Passover/Easter (was: Italogallic in Zera,and other
From: | John Cowan <cowan@...> |
Date: | Friday, April 28, 2000, 19:33 |
yl-ruil scripsit:
> > I must track the passage down. The goddess is vanishing before my very
> eyes.
>
> Please don't be sarcastic, I get enough of this constant badgering to
> validate my beliefs at uni. I _won't_ retort with my argument that Jesus
> Christ, only begotten son of the LORD God was actually a pagan himself. Why
> not leave us rather inoffensive bunch alone and get back to
> interdenominational wrangling?
(I find it inconceivable that Ray Brown would be sarcastic about anybody's
religion, and I think you must have misunderstood him.)
Anyway, here it is:
"Eostermonath, qui nunc pascalis mensis interpretur, quondam a dea
illorum quae Eostre vocabatur et cui in illo festa celebrabant nomen
habuit."
All net.sources, whether pagan, orthodox Christian, or Judaising
Christian (and almost all of them violently tendentious),
seem to agree that this is all we hear about Eostre from
any source, except that there are surviving placenames in Germany
that probably (according to Grimm) reflect the same entity.

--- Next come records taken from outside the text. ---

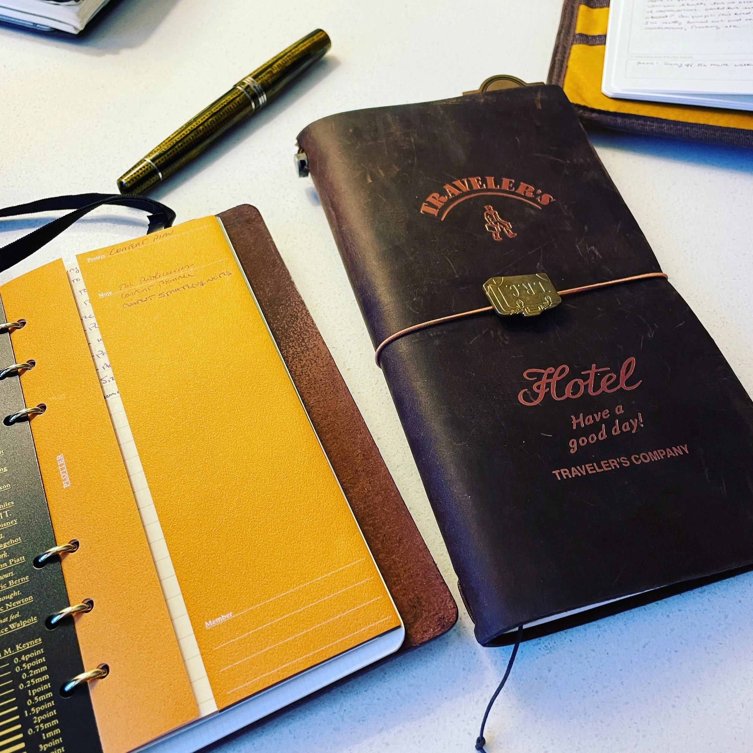 My yellow Plotter A5 - I’m not sure what this leather is called, or whether it will be generally available, but it’s gorgeous and about as close to my beloved natural undyed leather as you can currently get in the Plotter lineup. This one will age beautifully. I intend for this notebook to serve as a general purpose creative and idea inbox - a place to sketch out ideas before moving them into storage or figuring out where they will permanently live.
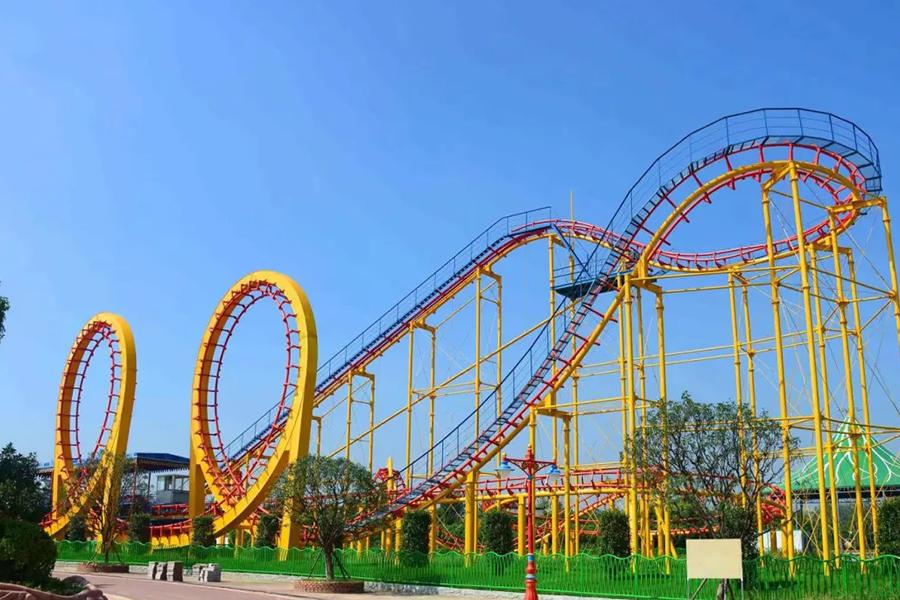 五环过山车惊险、刺激、迅猛俯冲,连续上下翻转颠倒!令观看者无不惊叹,给乘坐者刺激、失重、离心状态下的极致欢乐。轨道总长约500米,有高速俯冲下滑段、高空翻转的立环段、螺旋段、水平环段等。
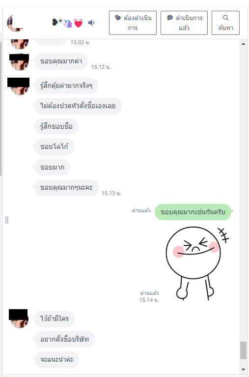 คำขอบคุณจากคุณ Kung ลูกค้าตั้งชื่อบริษัท
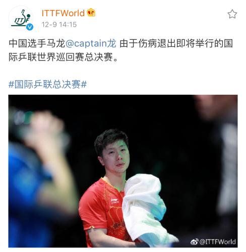 中新网客户端12月9日电 (王禹)北京时间12月9日下午,国际乒联官方宣布,国乒队长马龙由于伤病退出即将举行的国际乒联世界巡回赛总决赛。此前,马龙曾因膝盖伤势连续退出奥地利公开赛和瑞典公开赛,祝福龙队早日康复。

What is clear, though, is that Bede identifies Easter-month with
the Roman April, which pretty much eliminates any notion of the
vernal equinox.
(Which of course does not mean that religions are not free to change
their ritual calendars to fit the changing times and the increase of
knowledge: all religions that have calendars at all, AFAIK, have done so.)